## ASSIGNMENT
Shown below is a listing with pictures; reproduce exactly, and only, the lines between the ones containing "电信大流量手机卡的套餐种类繁" and "Filete de Pescado", inclusive, leaving the pictures out.

## PROVIDED RECORDS
- Opening Delimiter -

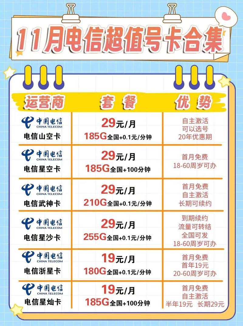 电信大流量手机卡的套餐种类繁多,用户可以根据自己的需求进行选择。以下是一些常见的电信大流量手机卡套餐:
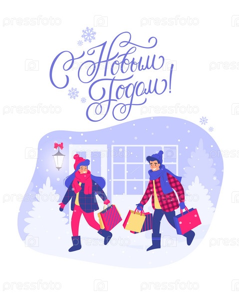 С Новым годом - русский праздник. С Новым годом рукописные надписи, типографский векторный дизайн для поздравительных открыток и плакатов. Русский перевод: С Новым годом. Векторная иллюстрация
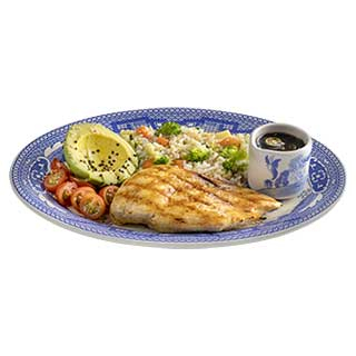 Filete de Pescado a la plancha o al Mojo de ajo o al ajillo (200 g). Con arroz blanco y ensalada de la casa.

- Closing Delimiter -
- Opening Delimiter -

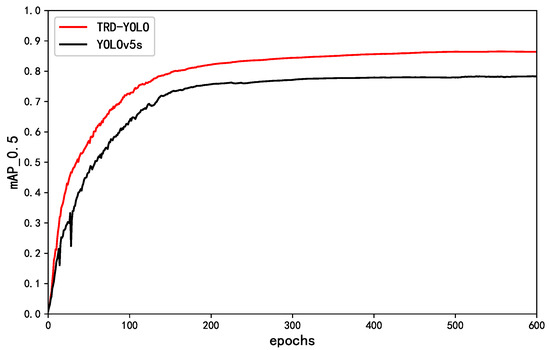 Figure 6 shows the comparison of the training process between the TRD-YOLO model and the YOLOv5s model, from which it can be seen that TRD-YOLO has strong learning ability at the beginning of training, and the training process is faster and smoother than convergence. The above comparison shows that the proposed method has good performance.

- Closing Delimiter -

## SOLUTION FOR THIS TASK
 电信大流量手机卡的套餐种类繁多,用户可以根据自己的需求进行选择。以下是一些常见的电信大流量手机卡套餐:
 С Новым годом - русский праздник. С Новым годом рукописные надписи, типографский векторный дизайн для поздравительных открыток и плакатов. Русский перевод: С Новым годом. Векторная иллюстрация
 Filete de Pescado a la plancha o al Mojo de ajo o al ajillo (200 g). Con arroz blanco y ensalada de la casa.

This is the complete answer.